_Data_.

....

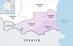The 3 arrondissements of the Pyrénées-Orientales department are:[1]
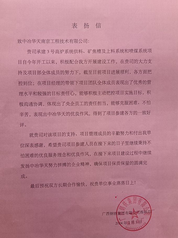 2月5日,广西钢铁集团公司炼铁厂发来表扬信,对中冶华天总承包的防城港钢铁基地3号高炉系统供料、矿焦槽及上料系统和喷煤项目的执行情况给予充分肯定,并对项目部成员的辛勤付出表示感谢,再次彰显了中冶华天高品质履约能力,持续擦亮“中冶华天,绿色明天”品牌。
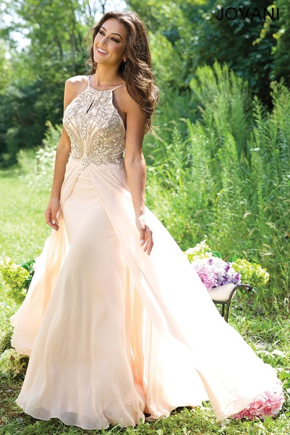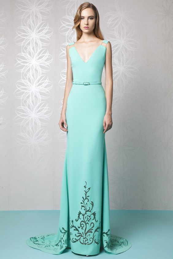 These are the most common models of elegant dresses, complemented by a train. These dresses can be with a corset, open neckline, thin straps, one-shoulder strap or a V-like neckline.
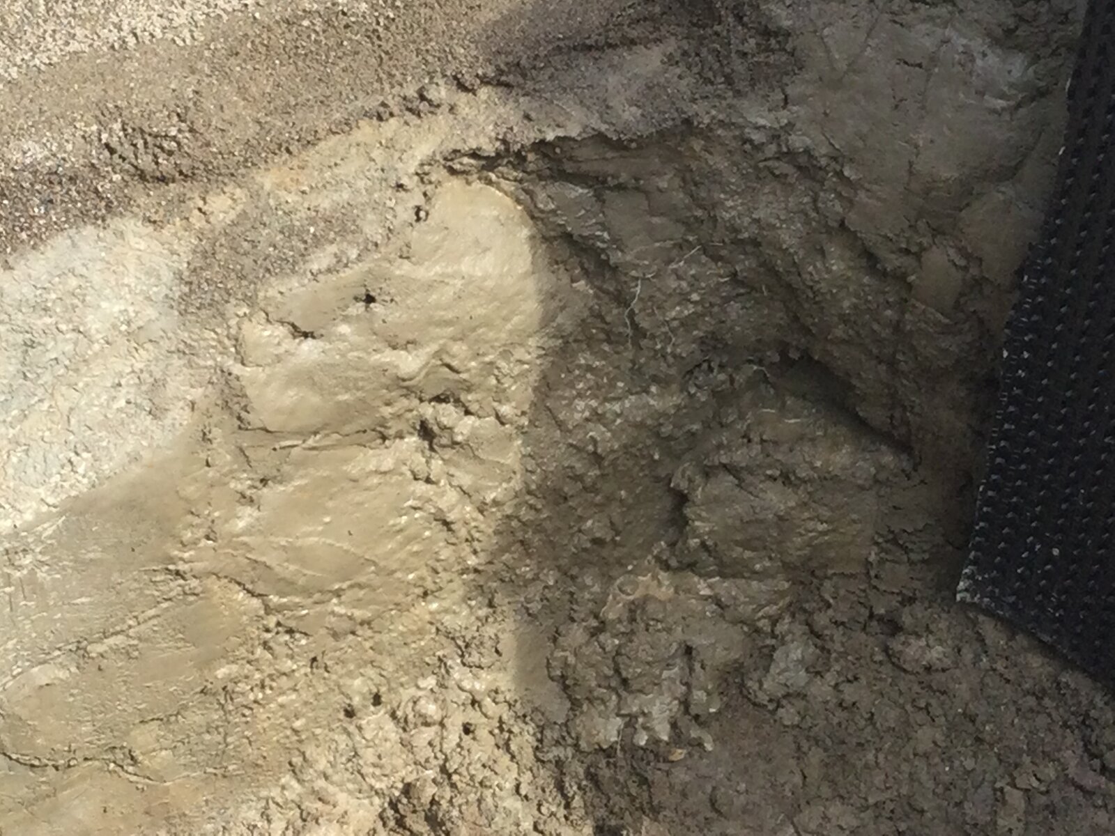 Zwei dünne Streifen habe ich verlegt und mit Mörtel geschlemmt, die schon teilweise getrocknet ist. Ich hoffe, dass es die Kante etwas Stabilität gibt. Man weiss ja nie wie lange das Wetter hält.... :flucht
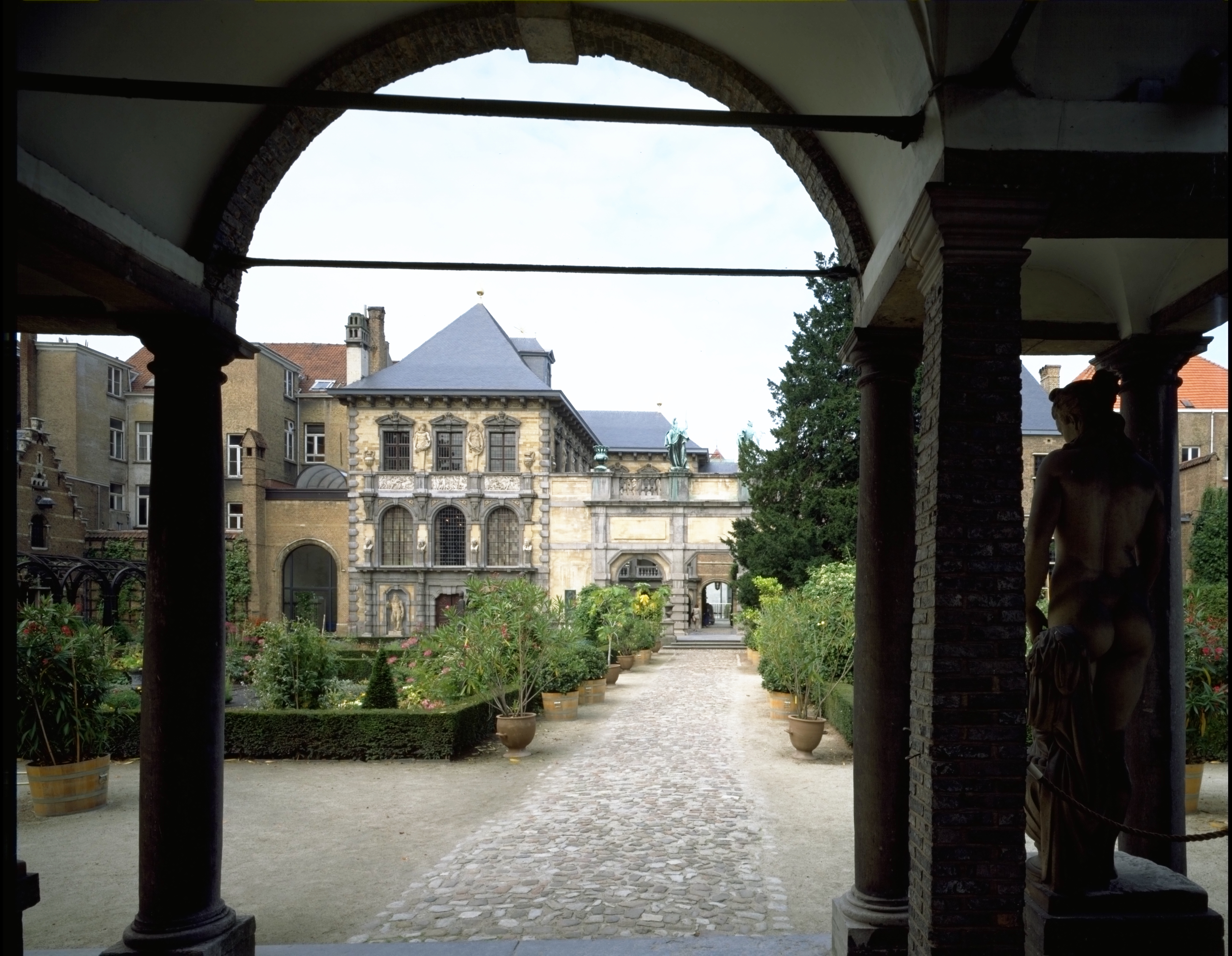 Alle rechten op de afbeelding 'Het Rubenshuis: de Rubenstuin - Orangerie potten replica's van Rubens liefdesallegoerie van Ven P. of De wandeling in de tuin' gemaakt door Pauwels, Oswald zijn voorbehouden aan Pauwels, Oswald.
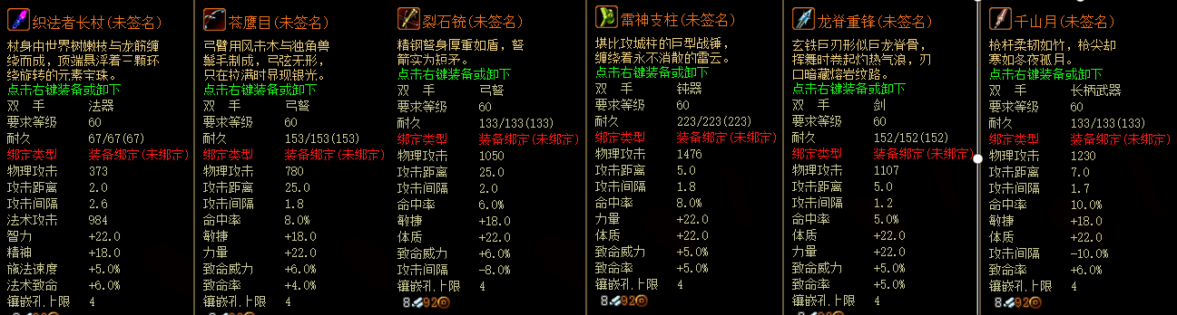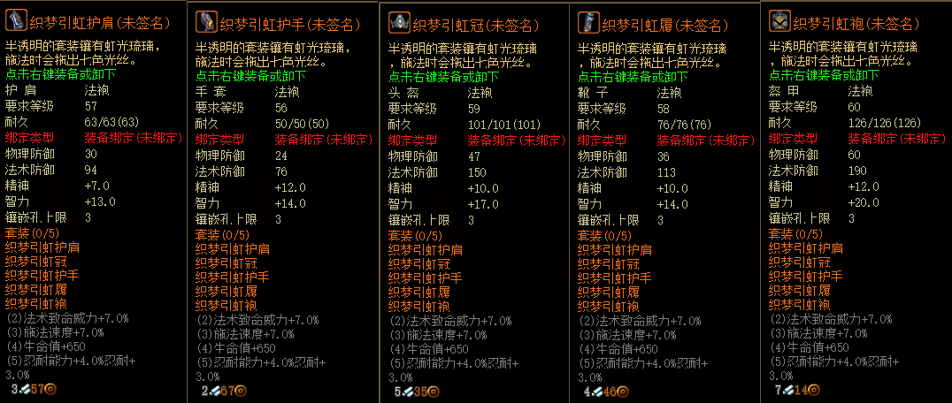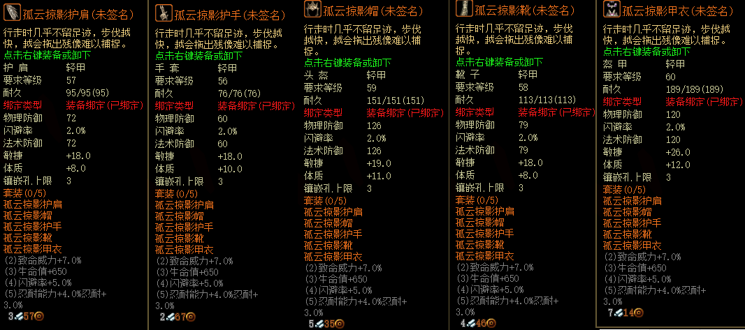新增60级世界装备:撼岳缚龙套(重甲)、孤云掠影套(轻甲)、织梦引虹套(法袍)
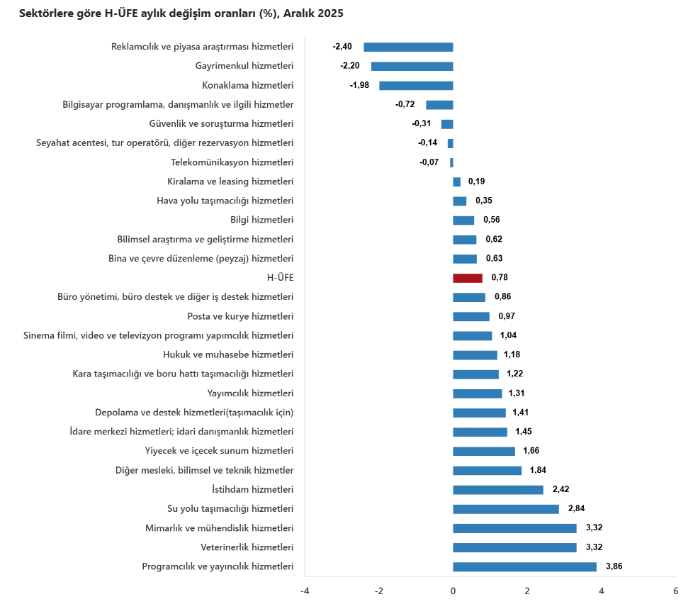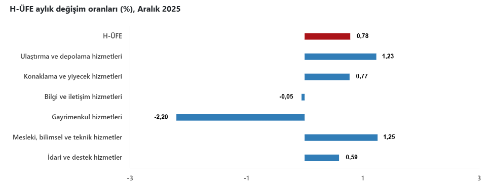 Bir önceki aya göre, ulaştırma ve depolama hizmetlerinde %1,23 artış, konaklama ve yiyecek hizmetlerinde %0,77 artış, bilgi ve iletişim hizmetlerinde %0,05 azalış, gayrimenkul hizmetlerinde %2,20 azalış, mesleki, bilimsel ve teknik hizmetlerde %1,25 artış, idari ve destek hizmetlerde %0,59 artış gerçekleşti.
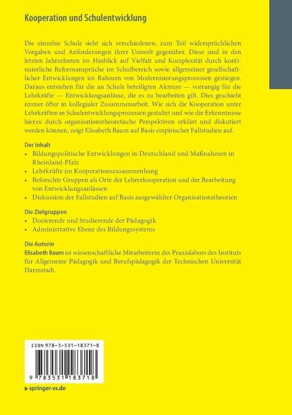 Die einzelne Schule sieht sich verschiedenen, zum Teil widersprüchlichen Vorgaben und Anforderungen ihrer Umwelt gegenüber. Diese sind in den letzten Jahrzehnten im Hinblick auf Vielfalt und Komplexität durch kontinuierliche Reformansprüche im Schulbereich sowie allgemeiner gesellschaftlicher Entwicklungen im Rahmen von Modernisierungsprozessen gestiegen. Daraus entstehen für die an Schule beteiligten Akteure -vorrangig für die Lehrkräfte - Entwicklungsanlässe, die es zu bearbeiten gilt. Dies geschieht immer öfter in kollegialer Zusammenarbeit. Wie sich die Kooperation unter Lehrkräften in Schulentwicklungsprozessen gestaltet und wie die Erkenntnisse hierzu durch organisationstheoretische Perspektiven erklärt und diskutiert werden können, zeigt Elisabeth Baum auf Basis empirischer Fallstudien auf.
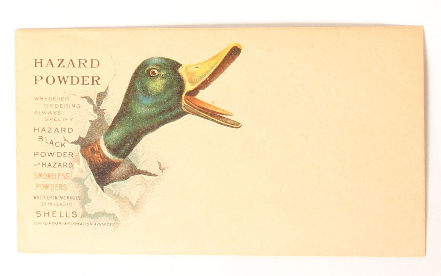 Hazard Powder Co. Envelope, unused, image of mallard drake coming through the envelope. Grade: Excellent - Value: 30 to 200
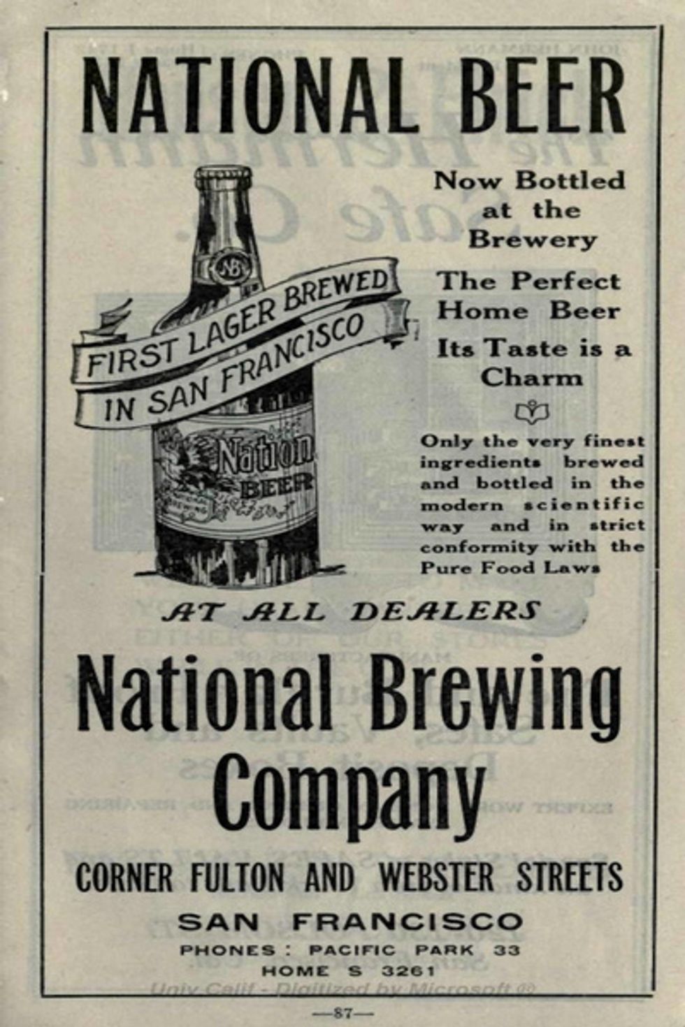Founded by John Glueck and Charles Hansen, the National Brewing Company operated in San Francisco from 1884 to 1916. They were located at the corner of Fulton and Webster Streets.

....

Give every line of the data above again as it stands; the pictures stay out.

_Output of the exercise_.
The 3 arrondissements of the Pyrénées-Orientales department are:[1]
 2月5日,广西钢铁集团公司炼铁厂发来表扬信,对中冶华天总承包的防城港钢铁基地3号高炉系统供料、矿焦槽及上料系统和喷煤项目的执行情况给予充分肯定,并对项目部成员的辛勤付出表示感谢,再次彰显了中冶华天高品质履约能力,持续擦亮“中冶华天,绿色明天”品牌。
 These are the most common models of elegant dresses, complemented by a train. These dresses can be with a corset, open neckline, thin straps, one-shoulder strap or a V-like neckline.
 Zwei dünne Streifen habe ich verlegt und mit Mörtel geschlemmt, die schon teilweise getrocknet ist. Ich hoffe, dass es die Kante etwas Stabilität gibt. Man weiss ja nie wie lange das Wetter hält.... :flucht
 Alle rechten op de afbeelding 'Het Rubenshuis: de Rubenstuin - Orangerie potten replica's van Rubens liefdesallegoerie van Ven P. of De wandeling in de tuin' gemaakt door Pauwels, Oswald zijn voorbehouden aan Pauwels, Oswald.
新增60级世界装备:撼岳缚龙套(重甲)、孤云掠影套(轻甲)、织梦引虹套(法袍)
 Bir önceki aya göre, ulaştırma ve depolama hizmetlerinde %1,23 artış, konaklama ve yiyecek hizmetlerinde %0,77 artış, bilgi ve iletişim hizmetlerinde %0,05 azalış, gayrimenkul hizmetlerinde %2,20 azalış, mesleki, bilimsel ve teknik hizmetlerde %1,25 artış, idari ve destek hizmetlerde %0,59 artış gerçekleşti.
 Die einzelne Schule sieht sich verschiedenen, zum Teil widersprüchlichen Vorgaben und Anforderungen ihrer Umwelt gegenüber. Diese sind in den letzten Jahrzehnten im Hinblick auf Vielfalt und Komplexität durch kontinuierliche Reformansprüche im Schulbereich sowie allgemeiner gesellschaftlicher Entwicklungen im Rahmen von Modernisierungsprozessen gestiegen. Daraus entstehen für die an Schule beteiligten Akteure -vorrangig für die Lehrkräfte - Entwicklungsanlässe, die es zu bearbeiten gilt. Dies geschieht immer öfter in kollegialer Zusammenarbeit. Wie sich die Kooperation unter Lehrkräften in Schulentwicklungsprozessen gestaltet und wie die Erkenntnisse hierzu durch organisationstheoretische Perspektiven erklärt und diskutiert werden können, zeigt Elisabeth Baum auf Basis empirischer Fallstudien auf.
 Hazard Powder Co. Envelope, unused, image of mallard drake coming through the envelope. Grade: Excellent - Value: 30 to 200
Founded by John Glueck and Charles Hansen, the National Brewing Company operated in San Francisco from 1884 to 1916. They were located at the corner of Fulton and Webster Streets.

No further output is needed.